A basic C Programming MOOC on EdX is showing how to access a member of a struct within a function, when the struct was passed by pointer. Why in the world are they using & next to *???

They show: scanf("%lf", &(*studptr).aveGrade);

Why not just use studptr.aveGrade in scanf?

(Leaving aside the separate question, "why use scanf at all")

(Was asked for complete example)

void readStudent(struct student *studptr) {
    print("\nEnter a new student record: \n");
    printf("First name: ");
    scanf("%s", (*studptr).firstName);
    printf("Last name: ");
    scanf("%s", (*studptr).lastName);
    printf("Birth year: ");
    scanf("%d", &(*studptr).birthYear);
    printf("Average grade: ");
    scanf("%lf", &(*studptr).aveGrade);
}

Answer 1

In the fragment:

scanf("%lf", &(*studptr).aveGrade);

the & operator applies as if there were parentheses:

scanf("%lf", &((*studptr).aveGrade));

There's no good reason to use (*ptr).member in preference to ptr->member; indeed, explicit indirection notation is more verbose, and doubly so when there are chains of operations:

(*(*(*ptr).ptrmember).altptr).member

vs:

ptr->ptrmember->altptr->member

So, the code should be:

scanf("%lf", &studptr->aveGrade);

Yes, the two are 'equivalent', but the arrow notation is idiomatic C and the other is not.

Answer 2

Because & doesn't refer to (*stupdtr), it refers to (*studptr).aveGrade. The . operator has higher precedence.

Answer 3

The two symbols are referring to different things.

The & is taking the address of the aveGrade member.

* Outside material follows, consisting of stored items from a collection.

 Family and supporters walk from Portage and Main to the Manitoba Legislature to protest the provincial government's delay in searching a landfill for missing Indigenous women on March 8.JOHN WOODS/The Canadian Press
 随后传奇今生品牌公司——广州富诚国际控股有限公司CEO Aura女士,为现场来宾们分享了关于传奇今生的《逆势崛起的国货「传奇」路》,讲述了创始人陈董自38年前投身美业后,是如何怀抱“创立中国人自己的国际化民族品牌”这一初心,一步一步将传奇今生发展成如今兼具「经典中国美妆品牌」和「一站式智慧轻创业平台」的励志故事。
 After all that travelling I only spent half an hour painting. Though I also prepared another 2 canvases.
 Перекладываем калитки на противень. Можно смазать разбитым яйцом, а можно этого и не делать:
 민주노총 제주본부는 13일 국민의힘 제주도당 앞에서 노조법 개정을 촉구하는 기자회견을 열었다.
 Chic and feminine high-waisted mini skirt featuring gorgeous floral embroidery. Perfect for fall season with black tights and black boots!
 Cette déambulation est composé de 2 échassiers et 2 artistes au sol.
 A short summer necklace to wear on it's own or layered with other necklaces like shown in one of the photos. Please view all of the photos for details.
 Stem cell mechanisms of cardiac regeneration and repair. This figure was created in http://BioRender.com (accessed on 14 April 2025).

The * is deferencing the studptr to get a structure.

---

If it were up to me, I'd write it using the Arrow operator for pointers-to-structures:

scanf("%lf", &studptr->aveGrade);

If you want parens to clarify:

scanf("%lf", &(studptr->aveGrade) );

Answer 4

Why not just use studptr.aveGrade in scanf?

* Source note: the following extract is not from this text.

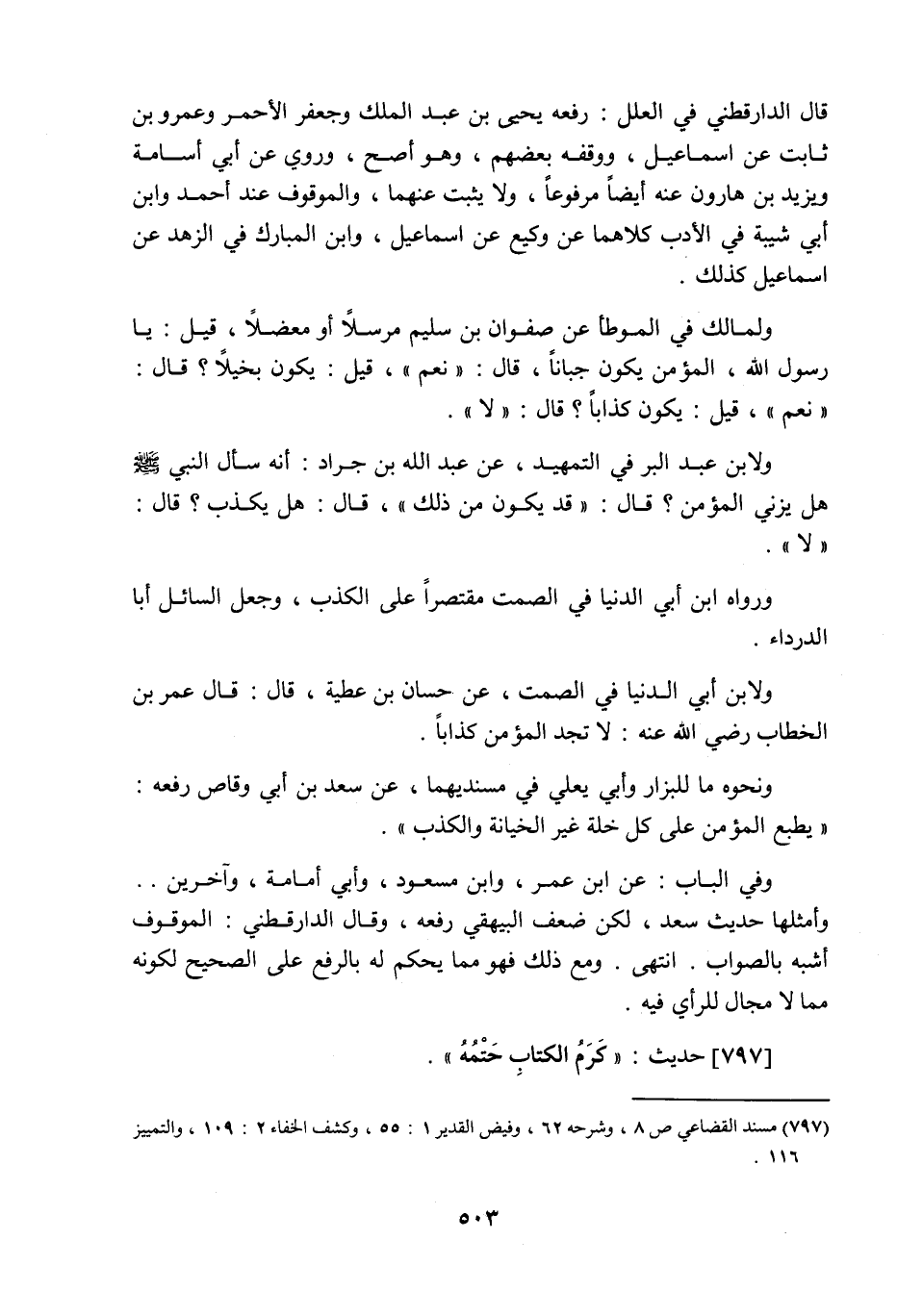 قال الدارقطني في العلل: رفعه يحيى بن عبد الملك وجعفر الأحمر وعمرو بن ثابت عن إسماعيل، ووقفه بعضهم وهو أصح، وروي عن أبي أسامة ويزيد بن هارون عنه أيضا مرفوعا، ولا يثبت عنهما والموقوف عند أحمد وابن أبي شيبة في الأدب كلاهما عن وكيع عن إسماعيل، وابن المبارك في الزهد عن إسماعيل كذلك، ولمالك في الموطأ عن صفوان بن سليم مرسلا أو معضلا قيل: يا رسول اللَّه المؤمن يكون جبانا قال: نعم، قيل: يكون بخيلا قال: نعم، قيل: يكون كذابا قال: لا، ولابن عبد البر في التمهيد عن عبد اللَّه بن جراد أنه سأل النبي صَلَّى اللَّهُ عَلَيْهِ وَسَلَّمَ هل يزني المؤمن؟ قال: قد يكون من ذلك، قال: هل يكذب؟ قال: لا، ورواه ابن أبي الدنيا في الصمت مقتصرا على الكذب، وجعل السائل أبا الدرداء، ولابن أبي الدنيا في الصمت عن حسان بن عطية قال قال عمر بن الخطاب رضي اللَّه عنه: لا تجد المؤمن كذابا، ونحوه ما للبزار وأبي يعلى في مسنديهما عن سعد بن أبي وقاص رفعه: يطبع المؤمن على كل خلة غير الخيانة والكذب، وفي الباب عن ابن عمر وابن مسعود وأبي أمامة وآخرين، وأمثلها حديث سعد لكن ضعف البيهقي رفعه، وقال الدارقطني: الموقوف أشبه بالصواب، انتهى. ومع ذلك فهو مما يحكم له بالرفع على الصحيح لكونه مما لا مجال للرأي فيه.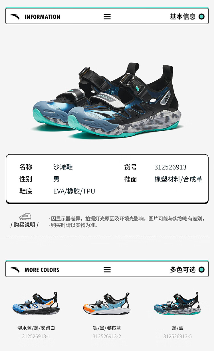 ANTA Children's Qingyu Baotou Sandals Summer New Style Comfortable Cushioning Beach Shoes for Boys and Girls, Trendy Casual Shoes for Large Kids Black/Blue-5 34 The shoe shape is too fat. If you have thin feet, it is recommended to take a smaller size.

As you wrote studptr is a pointer, So this expression studptr.aveGrade is invalid.

It is correctly to write either studptr->aveGrade or ( *studptr ).aveGrade

So the call of scanf can be written either like

scanf("%lf", &studptr->aveGrade);

or like

scanf("%lf", &(*studptr).aveGrade);

Take into account that

&(*studptr).aveGrade

and

( &*studptr).aveGrade

are different expressions.

The first expression can be rewritten using more parentheses like

& ( ( *studptr ).aveGrade )

Answer 5

It's true that when & immediately precedes * that the two cancel each other out. However, that's not what's happening here:

&(*studptr).aveGrade

Looking at each operator:

• The * operator is applied to studptr in the parenthesized expression
• Given (*studptr), the . operator has higher precedence than & so it is applied next
• & is then applied to (*studptr).aveGrade)

So & is giving you the address of the aveGrade member of what studptr points to. Without parenthesis, the & and * would cancel and you'd get a syntax error because studptr is a pointer to a struct, not a struct.

Answer 6

In structure, aveGrade is double so if you want to access that you need to dereference studptr to aveGrade by using ampersand(&). So it's absurd to use (*studptr).aveGrade in scanf.